Sul secondo punto, e cioè che la rivolta contadina avvenne anche in zone in cui il Viet Minh non era riuscito ad infiltrarsi in maniera massiccia, l’osservazione è in parte vera, e può essere spiegata con la disperazione per la carestia, che aumentava in maniera esponenziale il malcontento popolare, per cui ad ogni minima provocazione poteva scoppiare il tumulto, e in parte è però da ridimensionare. Nel gennaio del 2005, infatti, ho avuto modo di visionare volantini e giornali di propaganda del Viet Minh che si riferiscono al periodo in esame, e che sono stati distribuiti nel 1944 e nei primi mesi del 1945 in province dove si pensava il Viet Minh non fosse arrivato. Tali documenti dimostrerebbero che la sua azione, tra la fine del 1944 e il 1945, si propagò sino a toccare province poco prima ritenute irraggiungibili.

 

Ho voluto addentrarmi in aspetti particolari della storia vietnamita per chiarire che ogni singolo aspetto, ogni pezzo di storia, deve essere studiato e approfondito, e non essere superficialmente affrontato in nome di principi generali che apparentemente spiegano tutto.

Nel caso del Viet Nam, del Sudest asiatico e dell’Asia orientale, lo sforzo da compiere non è solo quello di far rientrare i caratteri di un paese dentro una storia, cioè dentro l’opera degli uomini, che si dispiega in un arco di tempo più o meno lungo e all’interno di uno spazio fisico più o meno definito. Nel caso dell’Asia più lontana dovremmo anche affrontare la loro storia come storia altra. In Europa, infatti, il nostro senso comune si basa su sedimentazioni e permanenze talmente forti che ci appaiono ovvie, tanto più che, con il colonialismo e l’imperialismo, le abbiamo impiantate anche dove non esistevano, e che però non appartengono alla storia di lungo periodo dei paesi africani, americani e asiatici.

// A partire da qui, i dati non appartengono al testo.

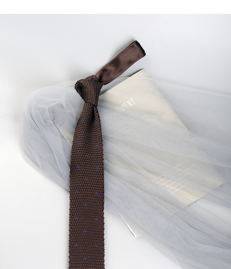 • 다크 브라운/파란색 뾰족한 니트 넥타이
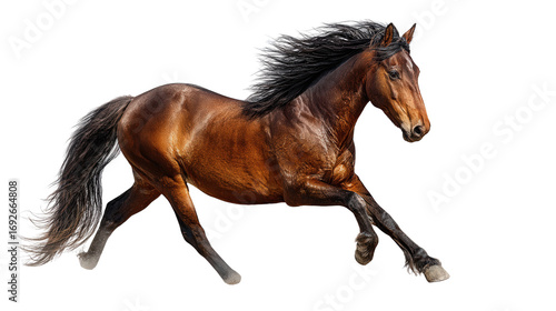 Wild Horse Running Free: A wild horse galloping freely across the plains, isolated on a Transparent background, PNG file.
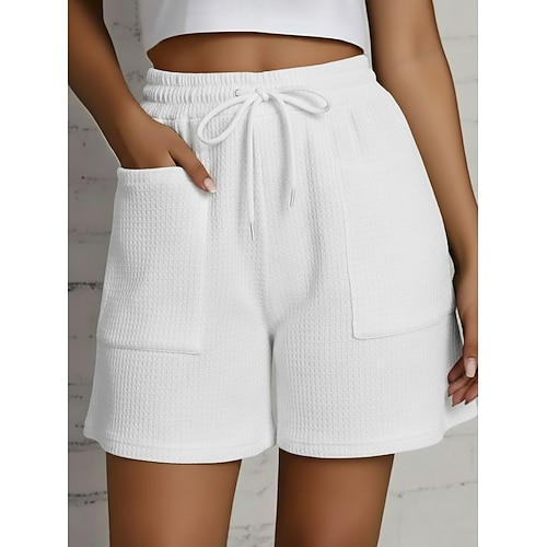 Damen Bermudashorts Chinos Shorts Urlaub Basic Komfort Kurz Hohe Taille Einfach Kordelzug Tasche Gestrickt Komfort Dehnbar Täglich Weiß Armeegrün Sommer Frühling Normale Passform
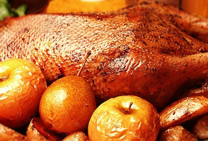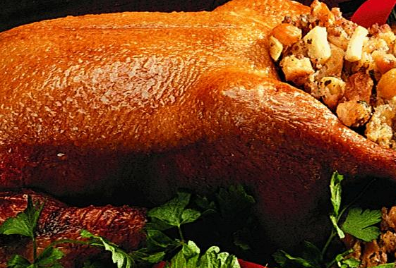 Гусь, специи, чеснок, масло, яблоки, карамель.

Utilizzeremo la questione del villaggio come grande esempio attraverso il quale cominciare a guardare al Viet Nam, e a tutto il sudest asiatico in generale, con occhi diversi.

 

La storia altra: il villaggio vietnamita

Nel villaggio si condensano il diverso concetto di proprietà, che innerva la storia di questo angolo d’Asia rispetto all’Occidente, il diverso rapporto con la città e il diverso rapporto con il potere. Non sbagliando, tantissimi autori evidenziano come il centro della civiltà vietnamita sia il villaggio che, quasi per definizione, in Occidente è periferia.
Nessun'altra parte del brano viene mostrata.